A precaution to be taken in patients with rosacea and 'abstention from the use of topical corticosteroids, which can cause a worsening of the dermatitis. The only form of rosacea in which corticosteroids are given and 'the rosacea fulminans. Defined in the past "pyoderma face ', and' a rare variant of rosacea, very debilitating to an aesthetic point of view, which affects female subjects, often in eta 'postadolescenziale with iperseborrea base.

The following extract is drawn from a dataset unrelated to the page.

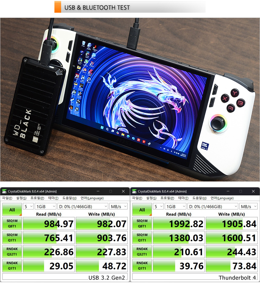 썬더볼트 4 단자를 지원해 고속 데이터 전송이 가능하다. 상단의 사진은 외장 SSD (USB 3.2 Gen2x2 지원제품) 를 이용해 테스트를 진행하고 있는 모습으로 USB 3.2 Gen2와 확연한 차이를 보여주었다. 대용량 데이터 전송이 잦은 유저들이라면 만족하며 사용할 수 있을 것이다.

It's characterized by a sudden onset and the presence delI'eritema persistent, and above all of teleangiectasie of inflammatory lesions (papules and nodules) confined to the face and tending to confluence. 

 

The disease does not relapse if treated properly. Is very sensitive all'isotretinoina oral, associated in the early stages to systemic or topical corticosteroids to induce a more 'rapid and impressive improvement inflammatory component. Some Authors suggest to use for 2-4 months, a dose of 0,2-0,5 mg / kg / day, gradually increasing it if necessary ', while on systemic steroids are administered for 10-14 days at full dosage (prednisone 0.5 ~ 1 mg / kg / day) and then reduced gradually.